Provided material:

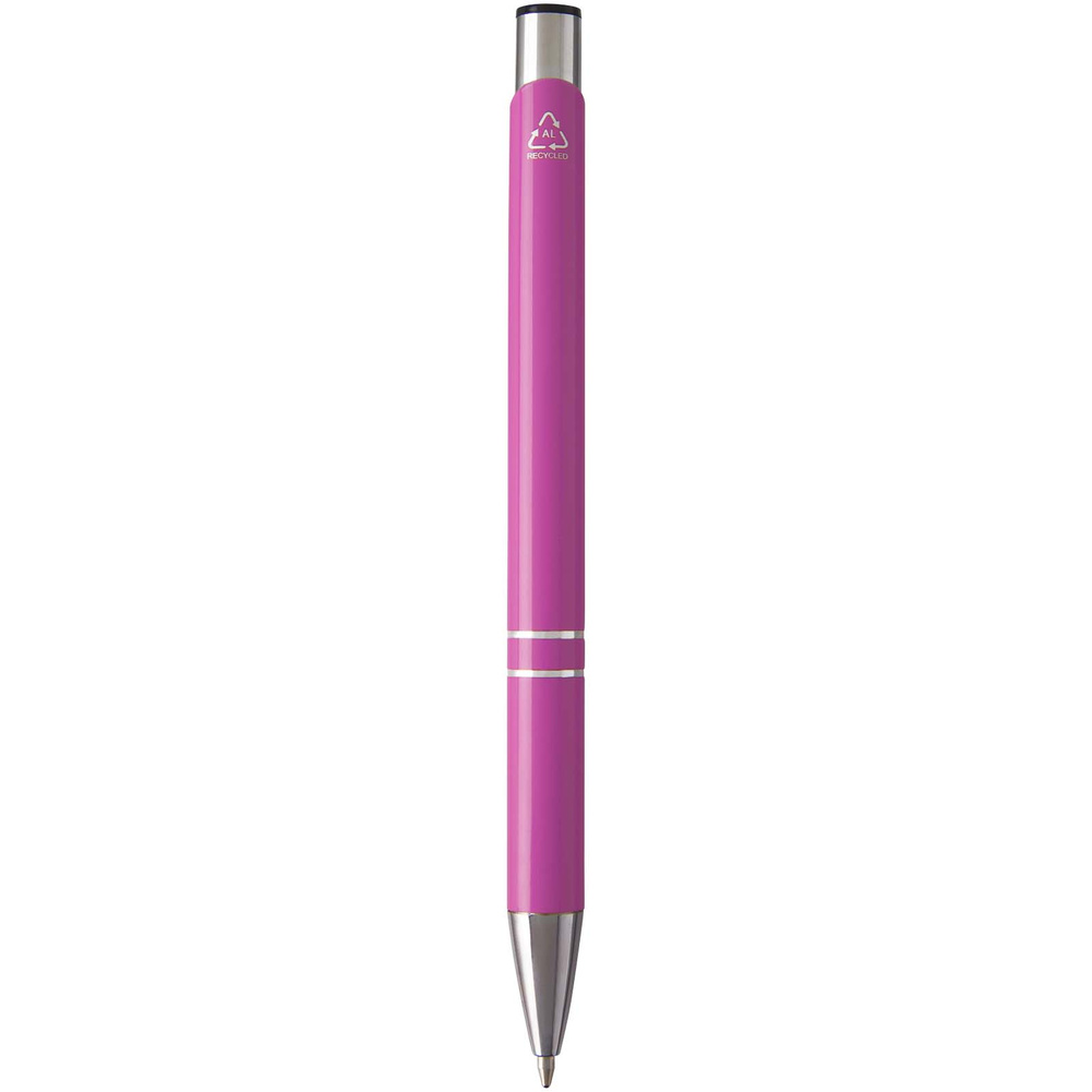 Długopis wykonany z aluminium z recyklingu z lakierowanym wykończeniem, połyskiem i wyrazistymi chromowanymi detalami.
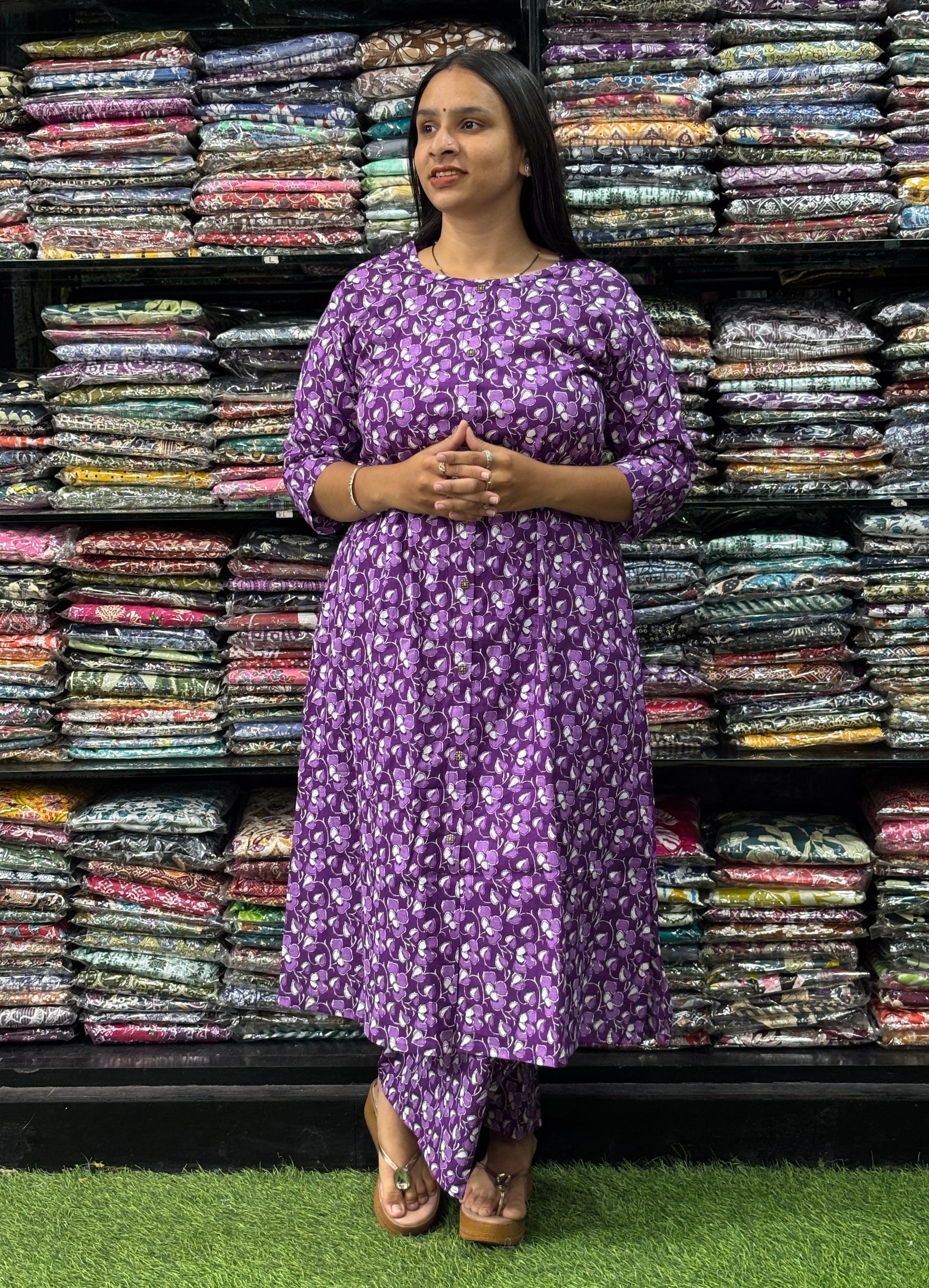 ALINE KURTI-PLAZO (PURE COTTON,ROUND NECK)
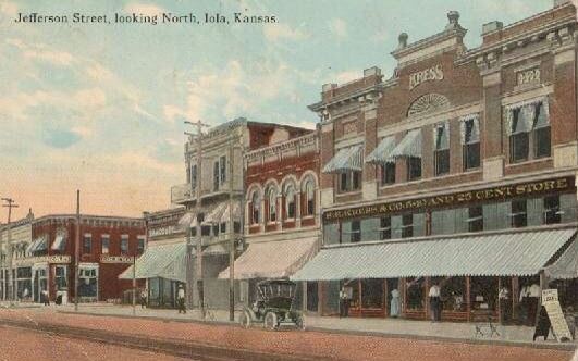 | This Kress opened in 1911, combining two existing buildings. It closed around in the 1950s or 1960s. The building then operated as Raney's drug store until it closed in 1996. The building now houses the Kansas Sampler. [map] |

Assignment:
Your copy of the data should match it exactly, apart from the images, which are omitted.

Exercise answer:
 Długopis wykonany z aluminium z recyklingu z lakierowanym wykończeniem, połyskiem i wyrazistymi chromowanymi detalami.
 ALINE KURTI-PLAZO (PURE COTTON,ROUND NECK)
 | This Kress opened in 1911, combining two existing buildings. It closed around in the 1950s or 1960s. The building then operated as Raney's drug store until it closed in 1996. The building now houses the Kansas Sampler. [map] |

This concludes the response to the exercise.